The ancestral home of the Lytteltons is the latest in a long line of British stately homes to bare all to the paying public in an effort to keep the taxman at bay.
Now run by the eleventh Viscount Cobham, a former pupil of Christ’s college and son of the tenth Viscount Cobham, Governor-General frpm 1957 to 1962, the 2 0 0-year-old sprawling mansion is faced by the mounting debts and maintenance costs afflecting virtually all such homes.
The eleventh Viscount last year sold historic family archives for more than $300,000 to pay capital transfer tax after his father’s death in 1977. Now the imminent opening of Hagley Hall has been launched in the “Sun,” one of the least stately of Britain’s daily newspapers.
To publicise the opening of the west Midlands house in its 200 hectares of grounds, the “Sun” asks its readers to submit “the poshest thing you ever did.”

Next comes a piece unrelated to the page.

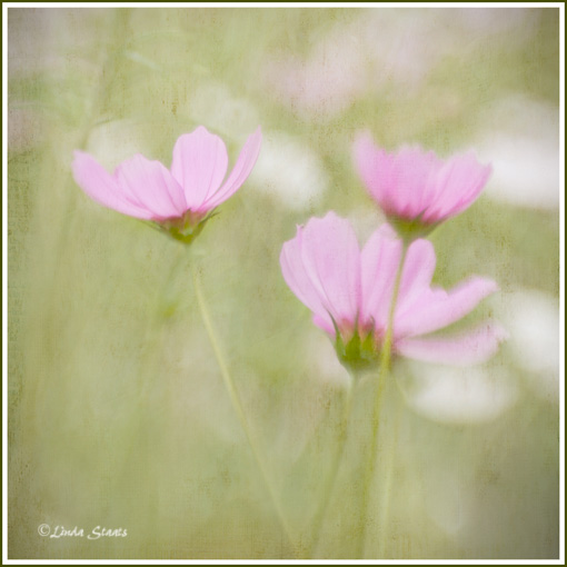 Almost as if a switch had been thrown, our weather changed from excessive summer heat to below normal temperatures. With lows in the 50’s at night and highs only in the 60’s and 70’s we had a real hint of the end of summer. Life has sped up knowing that fall can’t be far away, and although we may have hot temperatures again during the daytime, the nights will cool off considerably as our hours of daylight shorten. Knowing this made these beautiful pink cosmos seem even more special when I found them in a wonderful garden today. Their lightness was a reminder of the carefree feeling of summer – enjoy it now because it’s fleeting, soon to be followed by the deeper smells and rich colors of autumn.
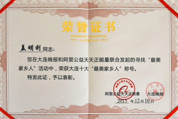 今年8月,阿里巴巴集团旗下公益活动机构阿里公益投入活动资金,联合大连晚报发起“最美家乡人”评选活动,三个月时间里寻访和报道了盖明利在内的十位最美家乡人,多家媒体对此次活动的启动公示、评选程序进行了跟踪报道,大连晚报在12月11日头版刊发了颁奖仪式的详细内容。

The winner will spend a week-end with the new Lord and Lady of Hagley Hall — dining off silver
plate and sleeping “in the stately cream and gold Napoleonic bed reserved for special guests.”
Lady Penelope Cobham, aged 25, has been getting the feel of running a public stately home since she launched a gourmet banqueting service 'at Hagley Hall last October. She told the “Sun” that there was little option to soliciting the paying public. The heating costs alone are enormous. The heating system used more than 5000 litres of fuel oil every two weeks and now most of the house is left unheated.
The previous Lord Cobham had tried mixing .ump oil with the heating fuel to cut the bill. “But it did not work and it cost a fortune to clean the pipes afterwards,’ Lady Cobham said.
But the new lady of the manor admitted to feeling nervous about the impending arrival of hordes of tourists.
“I think anyone would feel apprehensive,” she said. “After all, it is still our home.” Viscount Cobham's ancestor — the fourth baron — was one of the founding fathers of the Canterbury Association in the mid-1800s and gave the family name to the South Island port and the name of the ancestral home to Hagley Park in Christchurch.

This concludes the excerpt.